Opioid maintenance treatment retention and perceptions of care among long-term opioid dependent men and women Palis, Heather Nadine


Background: Opioid dependence is a chronic relapsing disease with a number of related harms. Despite the proven effectiveness of opioid maintenance many men and women are not engaged or retained in this treatment. Accounting for patient perceptions of their interactions with health care providers may offer important evidence as to meeting gender specific heath and treatment needs of this population. Objective: This thesis investigates access to health care and addiction treatment services among long-term opioid dependent men and women. Factors associated with retention to opioid maintenance treatment are explored among participants and stratified by gender. Perceptions of encounters with health care providers as potentially offensive, degrading, or abusive are considered. Finally, the feasibility of sharing study findings with long-term opioid users are explored. Methods: The Gender Matters in the Health of Long-term Opioid Users study is a descriptive cross-sectional study of long-term opioid users in the Downtown Eastside of Vancouver.

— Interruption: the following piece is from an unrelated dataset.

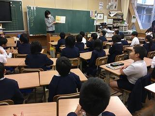 朝自習の時間(8時30分~45分)に読み聞かせがありました。

Descriptive variables were explored and logistic regression models were built to determine associations between independent variables and the opioid maintenance treatment retention and perceived abuse in health care outcomes. Two formats of sharing study findings with participants were piloted and participant perceptions of study findings and the meeting formats were gathered. Results: Rates of opioid maintenance treatment retention were similar among men and women while factors associated with retention differed by gender. Half of participants reported perceived abuse in health care, which was associated with childhood maltreatment and psychological health problems. The majority of participants felt it was important for participants to be involved in knowledge translation, while few had previously had the opportunity to do so. Conclusions: Gender, along with other structural factors have strong implications for the appropriateness and success of the treatment and models of care provided to opioid-dependent men and women. Patient histories and perspectives must be accounted for to determine suitable treatments and to ensure health care encounters are not perceived as offensive, degrading, or abusive. The involvement of participants in knowledge translation can serve as a means of empowering participants and accounting for patient voice in recommendations for service provision and policy.